The Kirkhaugh cairns are two, or possibly three, Bronze Age burials located in Kirkhaugh, Northumberland. The two confirmed graves were excavated in 1935 and re-excavated in 2014. The first grave, dubbed Cairn 1, contained grave goods consistent with a high-status metalworker. These included two of the earliest gold ornaments, and one of the earliest bell beakers, known in Britain.  The second grave was empty.

Excavation 

The Kirkhaugh cairns were excavated over five days in 1935 by Herbert Maryon. Then master of sculpture at Durham University's Armstrong College, Maryon was interested in archaeology and frequently excavated sites with his students. He was assisted by Joseph William Alderson at Kirkhaugh, carrying out the excavation on 18–21 September, and on 12 October.

Upon removal of the turf from the first mound, Maryon found what he described as "a continuous layer of flattish stones" underneath. These were piled on top of each other, and varied in size from several inches in length to two feet; the larger stones weighed between 50 and 100 pounds. Beneath the stones was a mixture of light earth and small stones.
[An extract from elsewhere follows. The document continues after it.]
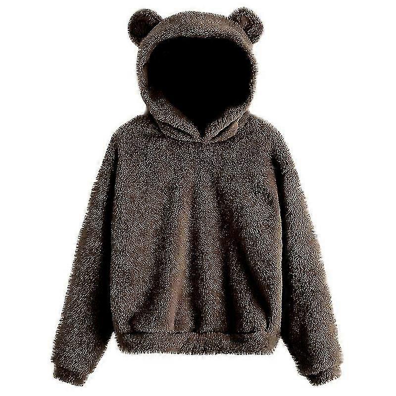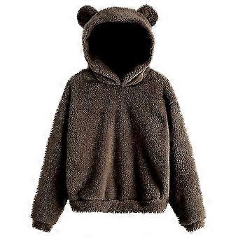 Ladies Rabbit Ear Fluffy Coat Fleece Hooded Solid Color Winter Warm Outwear Coat
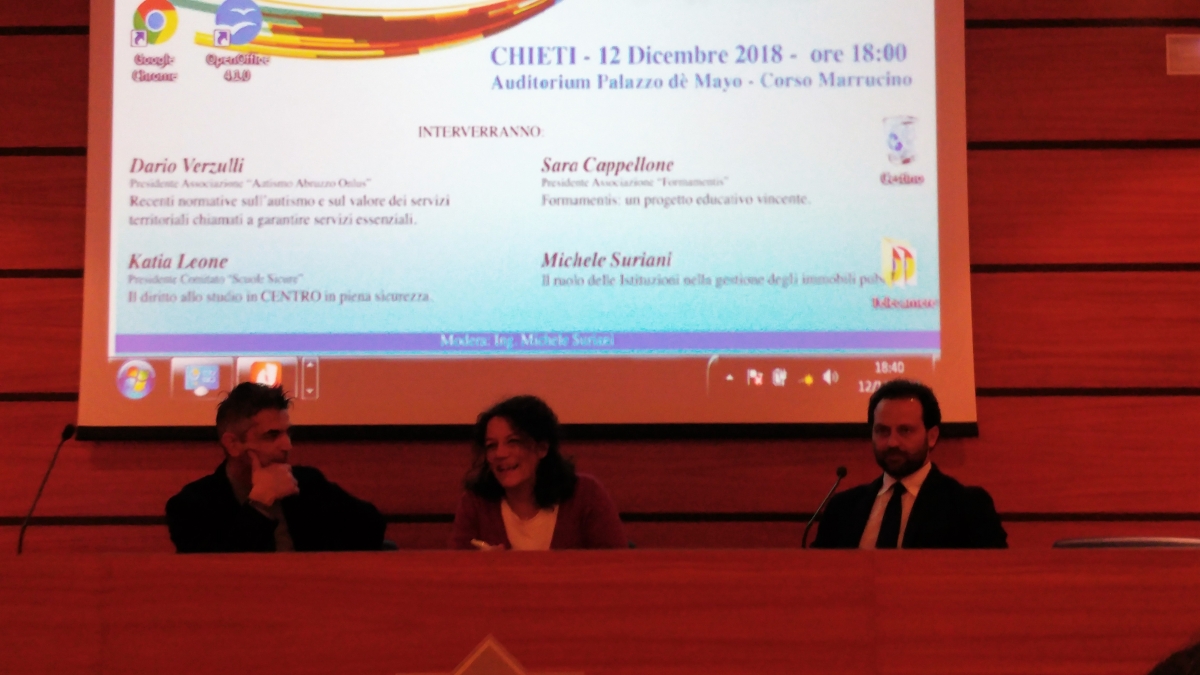 Presenti: Sara Cappellone Presidente Associazione FormaMentis; Dario Verzulli Presidente dell’Associazione “Autismo Abruzzo Onlus”; Katia Leone Presidente Comitato Scuole Sicure e l’Ing. Michele Suriani moderatore e relatore sul ruolo delle Istituzioni nella gestione degli immobili pubblici.

No body was found, but near the centre of the cairn, where a body might have been placed, were patches of greasy clay on the rock surface. Also in the centre were found the majority of the grave goods. Maryon described these as a crushed food vessel; "1 gold ear-ring"; "1 flint arrowhead"; "1 flint saw"; "6 worked flakes of flint" ; "2 flint cores, and a number of unworked flakes"; "1 whetstone, or hone"; "1 coarse rubber of sandstone"; "1 rough nodule of glazed ware"; "1 vase or mug handle"; and "a fragment of coarse pottery, a nodule of iron pyrites, and some pieces of charcoal." With the exception of the food vessel, found about four and a half feet from the centre, and some of the charcoal, all of the finds were in the central area about three or four feet in diameter.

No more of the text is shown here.